With $I \subset \Bbb{R}$, let $\chi_I$ denote the indicator function of I, $$\chi_I(x)=\begin{cases} 1 & \text{if x $\in$ I} \\ 0 & \text{otherwise} \end{cases}$$ For any $k \in \Bbb{N}$, define $$g_{2^k+l}(x)= \chi_[\frac{1}{2^k},\frac{l+1}{2^k}](x)$$ for $l \in {0,...,,2^k-1}$. Show that ${g_n}^{\infty}_{n=1}$ converges to 0 in the $L^2$-sense on [0,1].
definition: the series converges in the mean-square (or $L^2$) sense to $f(x)$ in $(a,b)$ if $\int_{a}^{b} |f(x)- \sum_{n=1}^N f_n(x)|^2 dx \rightarrow 0$ as $N \rightarrow \infty$
So in this case $\int_0^1 |g(x)- \sum_{n=1}^{\infty}g_n(x)|^2 dx$, and I am trying to prove that they equal to 0, but I am stuck on how those operations would go.
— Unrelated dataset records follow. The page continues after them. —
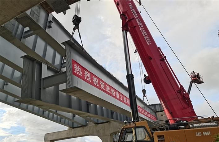 8月16日下午17時許,隨著最后一片鋼板梁成功吊起,在兩臺起重機(jī)的默契配合下,穩(wěn)穩(wěn)地落在兩端支座之上,并對孔成功,由中國船舶武船集團(tuán)武船重工股份承建的臺州路澤太高架TJ01標(biāo)段鋼板梁全部架設(shè)完成。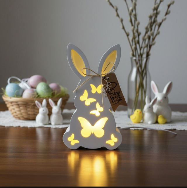 Hase mit Schmetterlingen beleuchtet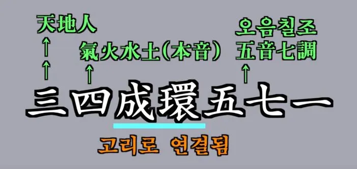 三 = 天地人, 四 = 氣火水土(本音), 成環: 고리로 연결됨, 五七: 오음칠조五音七調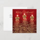 Elegant Merry Christmas / Happy Holidays "Card" Gold Trees with bows on red with a custom text.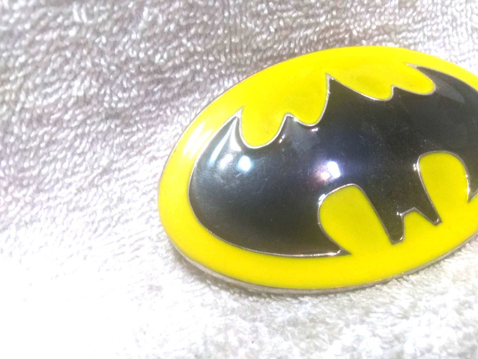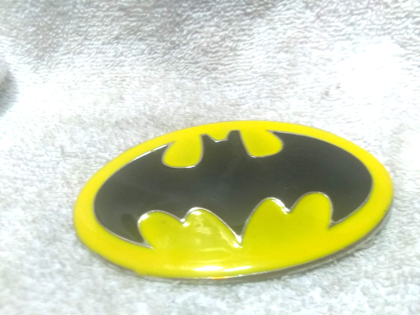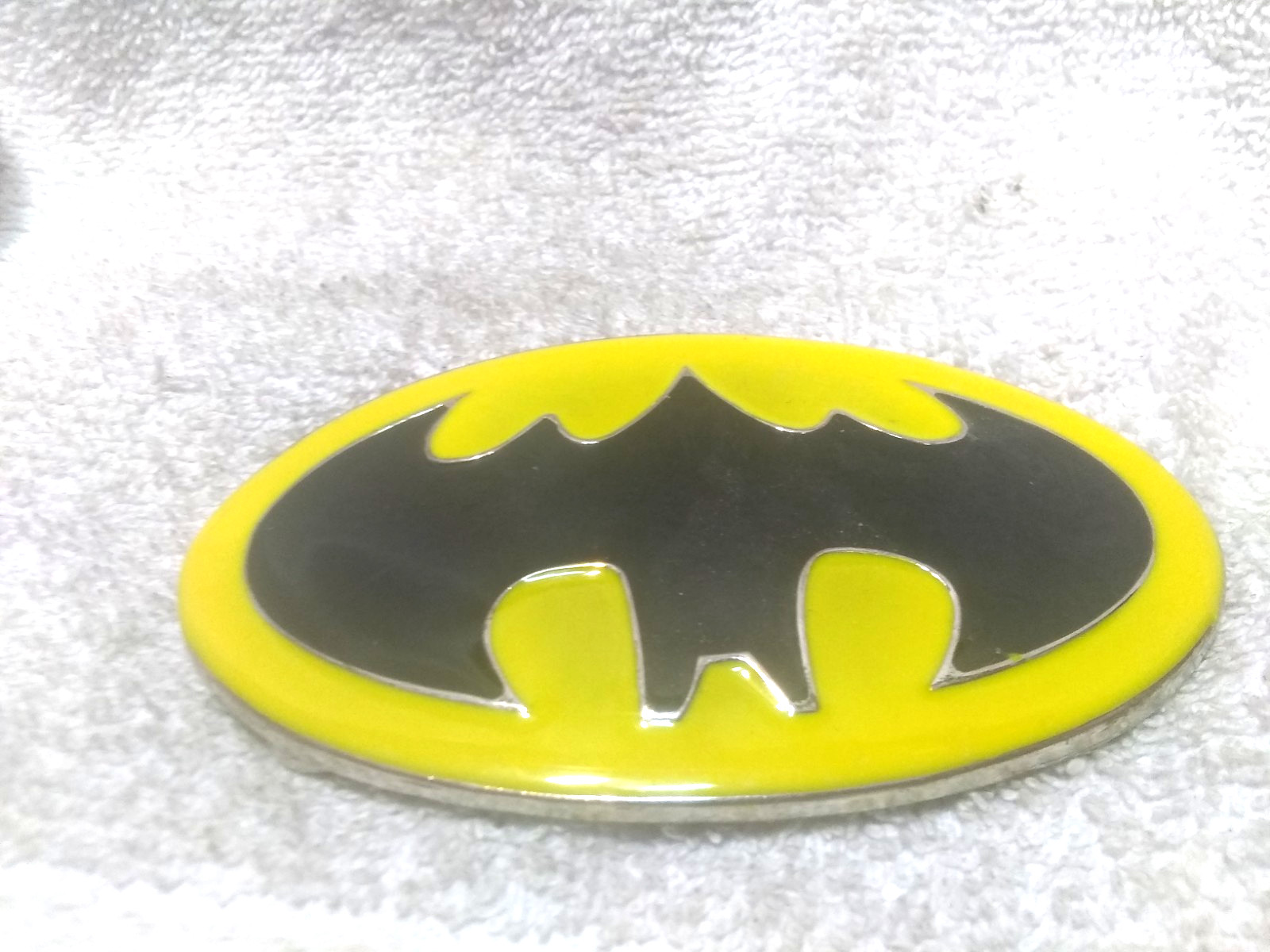 как выглядит Black Yellow Batman Belt Buckle Oval Shape Great Vintage Condition фото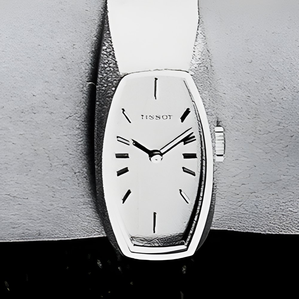 Attractively modern and elegant, in keeping with the canons of contemporary styling that stress the integration of case and bracelet, this 18 carat yellow gold model fits snugly on the wrist thanks to its tapered lines. What is more, its high-frequency (28,800 v.,p.h.) movement provides excellent rate stability. (TISSOT “City Line”)
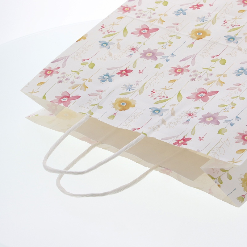 水彩画調の花々を、縦に配したデザインの手提げ紙袋です。幅と高さがほぼ正方形のオールマイティモデル。●手紐:丸紐白●入数:50枚

It is naturally to expect that a convergence of a sequence $\{g_n\}$ of functions on $[0,1]$ in $L_2$-sense to a function $g$ means a convergence with respect to $L_2$-metric, that is that $\sqrt{\int_0^1 |g_n(x)-g(x)|d\mu}$ (where $\mu$ is the Lebesgue measure on $[0,1]$) tends to zero when $n$ tends to the infinity.
This doesn’t hold for the sequence $\{g_n\}$ from the question and the zero function $g$, because for each $k\in\Bbb N$ and $l=2^k-1$ we have $\int_0^1 |g_{2^k+l}(x)-g(x)|^2d\mu=1-2^{1-k}$. But if we define $g_{2^k+l}= \chi_\left[\frac{l}{2^k},\frac{l+1}{2^k}\right]$ (which looks more common then) we shall have $\int_0^1 |g_{2^k+l}(x)-g(x)|^2d\mu=2^{-k}$, so $\{g_n\}$ will converge to $g$ with respect to $L_2$-metric.
The convergence of a series $\sum_{n=1}^\infty f_n$ to a function $f$ means a convergence to $f$ of a sequence of partial sums $\sum_{n=1}^N f_n$. The series $\sum_{n=1}^\infty g_n$ does not converges to the zero function $g$ with respect to $L_2$-metric, because all functions $g_n$ are non-negative so for each natural $N$ we have $$\int_0^1\left|\sum_{n=1}^\infty g_n(x)-g(x)\right |d\mu\ge \int_0^1\left|g_1(x)-g(x)\right |d\mu>0.$$